[89] The Negro in Africa and America, 88, 89. Italics mine, again.

[90] Uncle Tom’s Cabin and Key, Riverside ed., vol. i. p. xviii.

[91] These quotations from The Author’s Introduction, Riverside ed., lviii, lix. The last sentence italicized by me.

[92] Tremont Temple Lecture, Stephens, War between the States, vol. i. 641. The italics are mine.

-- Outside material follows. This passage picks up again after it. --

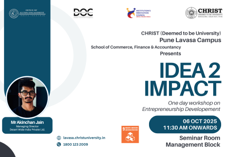 The School of Commerce, Finance and Accountancy, CHRIST (Deemed to be University), Pune Lavasa, is pleased to announce an interactive workshop on entrepreneurship development on 6 October 2025, titled “Idea 2 Impact.” This event is being organized under the aegis of the Institution’s Innovation Council (IIC) and the Alumni Association. The workshop will be facilitated by our distinguished alumnus, Mr. Akinchan Jain, Managing Director of Desert Wide India Private Ltd., a budding entrepreneur. The session is designed to help commerce students explore the process of converting ideas into workable solutions. Through short, practical, and engaging activities, participants will gain skills in identifying real-world problems, developing a clear value proposition, mapping target customers, and outlining a structured plan for business ideas. Drawing from his own entrepreneurial experiences, Mr. Jain will provide valuable insights and motivational guidance. The workshop aims to foster creativity, innovation, and an entrepreneurial mindset among students.

[93] Professor DuBois, born in 1868, in New England, whose writings show that his mind has been soaked to saturation in abolition misstatement and bitterness, and that consequently he is utterly unfamiliar with either the average negro slave of the south and the conditions and effects of slavery in the section, attributes the present unchastity of the negroes to the frequent separation of man and wife by the master. Here is what he says:

“The plague-spot in sexual relations is easy marriage and easy separation. This is no sudden development, nor the fruit of emancipation. It is the plain heritage from slavery. In those days Sam, with his master’s consent, took up with Mary. No ceremony was necessary, and in the busy life of the great plantations of the Black Belt it was usually dispensed with. If now the master needed Sam’s work in another part of the same plantation, or if he took a notion to sell the slave, Sam’s married life with Mary was usually unceremoniously broken, and then it was clearly to the master’s interest to have both of them take new mates. This widespread custom of two centuries has not been eradicated in thirty years.” The Souls of Black Folk, 142.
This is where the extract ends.